Попытка вздохнуть полной грудью. Что-то больно отдается прямо в солнечном сплетении, и Оливер понимает, что боль никак не связана с физической.

Вновь тяжело дышать.

Появляется желание зайти в море и окунуться. С каждым шагом вода все выше и выше, закрывает живот, поднимается до груди, мажет по ключицам и сходится вокруг шеи.

Может, нырнуть?

Оливер обхватывает нос большим и указательным пальцами, перекрывая возможное попадание соленой воды, слегка пружинит на ногах и уходит с головой вниз. Море давит на уши, слышно, как работает мотор проплывающего мимо бухты парома. Рядом проскальзывают маленькие рыбки, некоторые сталкиваются с голенями Оливера и тут же отдаляются, в страхе пропадая в морской глубине.

Успокоиться не получается. Грудь все так же сводит болью, плавать невозможно, а расслабиться тем более. Оливер с разочарованным выдохом выныривает, убирает прилипшие ко лбу волосы и протирает лицо. Отдохнуть действительно не получается.

– Оливер? – раздается голос раздраженной матери. – Оливер Ёнсу Ли, выбирайся сейчас же, мы опаздываем на обед! Будто не знаешь о расписании приемов пищи в отеле, неугомонный мальчишка!

Молодой человек тяжело выдыхает. Возвращается на берег, идет по раскаленным от солнца камням, надевает тапки, которые норовят порваться в любой момент от хождения по гальке. Кожу начинает жечь после соленой воды, солнце прибавляет своих сил, оставляя на теле Оливера красные пятна загара. Крем за пять тысяч вон оказался пустой тратой денег.

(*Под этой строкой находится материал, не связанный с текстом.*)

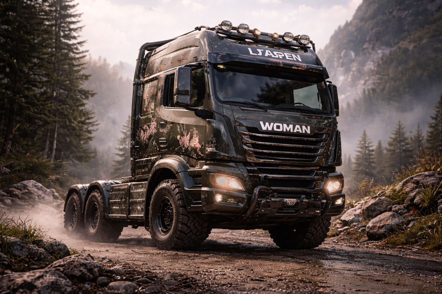 Zum Start der Europa-Offensive kündigt WOMAN Trucks außerdem ein elektrisches Sondermodell an: „Extra Tough E L’Aspen“. Während die Standardmodelle mit sanften Farben und floralen Elementen spielen, setzt diese Variante auf eine deutlich härtere Designsprache: dunkle Farbtöne, massive Proportionen und eine betont robuste Optik. Damit will man zeigen, dass Design, Elektromorbidität und Leistungsfähigkeit kein Widerspruch sein müssen.

В столовой, перед огромным выбором блюд, мальчик теряется. Смотрит на себя, на пустую тарелку перед собой, на родителей, бегающих из стороны в сторону и умудряющихся собрать все с каждого подноса. Закрывает глаза, тяжело сглатывает липкий комок подкатившей паники и медленными шагами подходит к блюдам. Рис, макароны, картофельное пюре, жареная лапша. Кладет себе ложку риса. Курица, рыба в кляре, колбаски, приготовленные на гриле, жареная свинина. Выбирает маленький кусочек курицы. И так по кругу, собирая по одной штучке свежих овощей.

Останавливается. Смотрит на свою тарелку, и начинает кружиться голова. Много еды, слишком много, из-за чего хочется кричать.

«Спокойно, Оливер, это всего лишь еда, верно? Ты не потолстеешь, пообедав здоровой пищей».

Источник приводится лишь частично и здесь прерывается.